The 2014–15 Maltese Futsal Premier League, for sponsorship reasons also known as Gatorade Futsal Premier League is the 4th season of the Maltese Futsal League, the top Maltese league for futsal clubs, since its establishment in 2011. It is also the 16th season of the futsal championship in Malta, since the beginning of organized futsal in the country in 1999.

==Sponsorship Deal==

Just before the end of the season, in April, the Futsal Malta Association announced a three-year sponsorship agreement with Gatorade. The deal covered the Premier League, First Division League, as well as the Top Scorer and Best Player awards.

==Premier Division==

The 2014–15 Maltese Futsal Premier Division was contested in two stages. In the first phase, the league consisted of nine participants, each playing against the others twice in a double-round-robin format, totaling 16 games each. The top four teams qualified for the playoff to determine the national champion. The final standing of the Premier League were as follows: Luxol 41, Ħamrun 40, Balzan 39, Valletta 27, Qormi 24, Swieqi United Futsal 20, Mosta 12, Gżira United 5, and Żebbuġ Rangers 2 points.

===Awards===

The Brazilian William da Silva Barbosa of Luxol was awarded as the top scorer of regular stage.

==Championship Play-Off==

Champions Balzan and league leaders Luxol St. Andrews advanced to the final of the Gatorade Futsal Premier Division play-offs after defeating their respective opponents in the semi-finals. Balzan produced a notable comeback to overcome Ħamrun Spartans 7–4 after extra time, securing qualification with a 13–11 aggregate score. Luxol St Andrews achieved a more straightforward passage, defeating Valletta 9–1 to progress with a 15–5 aggregate score.

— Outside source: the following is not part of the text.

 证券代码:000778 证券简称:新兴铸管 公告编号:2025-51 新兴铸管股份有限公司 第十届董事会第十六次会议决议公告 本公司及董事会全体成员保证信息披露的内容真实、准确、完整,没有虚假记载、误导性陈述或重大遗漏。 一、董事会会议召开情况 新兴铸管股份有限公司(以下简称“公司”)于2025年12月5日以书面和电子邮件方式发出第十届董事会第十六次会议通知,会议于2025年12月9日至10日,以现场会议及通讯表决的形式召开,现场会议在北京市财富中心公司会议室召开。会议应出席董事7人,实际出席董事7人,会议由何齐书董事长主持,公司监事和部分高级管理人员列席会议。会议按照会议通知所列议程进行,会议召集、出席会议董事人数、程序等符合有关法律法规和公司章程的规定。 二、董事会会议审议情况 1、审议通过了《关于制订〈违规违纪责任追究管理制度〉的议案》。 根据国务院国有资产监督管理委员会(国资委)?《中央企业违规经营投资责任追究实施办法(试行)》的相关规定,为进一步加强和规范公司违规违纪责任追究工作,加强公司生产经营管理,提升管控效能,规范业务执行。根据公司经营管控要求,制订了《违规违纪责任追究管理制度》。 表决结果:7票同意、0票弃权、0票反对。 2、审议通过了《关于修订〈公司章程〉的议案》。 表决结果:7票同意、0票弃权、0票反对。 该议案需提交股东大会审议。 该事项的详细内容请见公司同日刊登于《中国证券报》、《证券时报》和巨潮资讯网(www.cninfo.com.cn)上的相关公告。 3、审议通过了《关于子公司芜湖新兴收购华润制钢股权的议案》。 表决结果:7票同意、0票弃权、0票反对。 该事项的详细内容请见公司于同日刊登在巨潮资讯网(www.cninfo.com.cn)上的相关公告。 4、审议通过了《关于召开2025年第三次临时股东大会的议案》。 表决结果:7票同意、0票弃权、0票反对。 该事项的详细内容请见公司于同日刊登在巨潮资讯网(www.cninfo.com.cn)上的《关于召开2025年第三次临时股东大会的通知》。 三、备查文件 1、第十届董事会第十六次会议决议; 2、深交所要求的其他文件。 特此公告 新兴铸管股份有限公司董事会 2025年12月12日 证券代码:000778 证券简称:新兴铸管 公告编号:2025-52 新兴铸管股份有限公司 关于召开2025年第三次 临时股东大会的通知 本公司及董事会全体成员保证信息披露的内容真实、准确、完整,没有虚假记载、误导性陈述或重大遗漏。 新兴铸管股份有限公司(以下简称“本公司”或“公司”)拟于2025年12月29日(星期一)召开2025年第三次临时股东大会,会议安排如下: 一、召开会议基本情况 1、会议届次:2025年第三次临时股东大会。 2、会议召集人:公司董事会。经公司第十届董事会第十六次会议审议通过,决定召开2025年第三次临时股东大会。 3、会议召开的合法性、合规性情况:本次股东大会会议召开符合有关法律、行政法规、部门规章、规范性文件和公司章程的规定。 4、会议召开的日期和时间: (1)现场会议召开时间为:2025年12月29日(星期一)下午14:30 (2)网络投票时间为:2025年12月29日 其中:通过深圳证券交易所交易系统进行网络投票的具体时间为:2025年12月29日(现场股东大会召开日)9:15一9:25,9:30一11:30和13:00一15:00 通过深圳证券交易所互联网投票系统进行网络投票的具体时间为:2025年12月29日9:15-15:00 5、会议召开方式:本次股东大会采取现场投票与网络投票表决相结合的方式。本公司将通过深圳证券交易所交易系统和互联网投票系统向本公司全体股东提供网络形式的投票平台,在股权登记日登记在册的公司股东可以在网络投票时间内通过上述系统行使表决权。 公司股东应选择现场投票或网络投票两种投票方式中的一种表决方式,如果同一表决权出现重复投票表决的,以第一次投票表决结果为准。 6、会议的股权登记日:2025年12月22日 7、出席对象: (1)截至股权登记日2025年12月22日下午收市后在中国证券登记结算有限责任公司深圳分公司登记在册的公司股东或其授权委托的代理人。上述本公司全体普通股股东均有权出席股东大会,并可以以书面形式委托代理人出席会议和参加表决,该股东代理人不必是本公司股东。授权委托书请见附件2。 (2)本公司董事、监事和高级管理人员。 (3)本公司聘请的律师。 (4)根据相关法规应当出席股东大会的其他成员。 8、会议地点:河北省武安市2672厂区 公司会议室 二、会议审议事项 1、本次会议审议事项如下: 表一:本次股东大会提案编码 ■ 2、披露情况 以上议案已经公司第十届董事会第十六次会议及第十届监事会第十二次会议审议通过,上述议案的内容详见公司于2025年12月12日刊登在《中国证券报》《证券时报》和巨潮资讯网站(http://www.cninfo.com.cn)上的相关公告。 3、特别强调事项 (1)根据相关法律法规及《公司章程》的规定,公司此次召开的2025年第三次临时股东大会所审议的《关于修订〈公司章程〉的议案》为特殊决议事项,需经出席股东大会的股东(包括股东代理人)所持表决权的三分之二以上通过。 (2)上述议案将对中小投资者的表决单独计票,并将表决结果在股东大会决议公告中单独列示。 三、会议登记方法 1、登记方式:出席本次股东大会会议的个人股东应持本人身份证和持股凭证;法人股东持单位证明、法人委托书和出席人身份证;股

| Tie | First Leg | Second Leg | Aggregate |
|---|---|---|---|
| Luxol vs Valletta | 6–4 | 9–1 | 15–5 |
| Ħamrun vs Balzan | 7–6 | 4–7 | 11–13 |

Luxol were crowned as the Gatorade Futsal Premier Division champions after winning the play-off final against outgoing champions Balzan with an aggregate score of 8–6. The Saints won the first leg 4–3 and secured the title by repeating the same score in the second leg. After winning the title, Luxol will represent Malta in the 2015-16 UEFA Futsal Cup.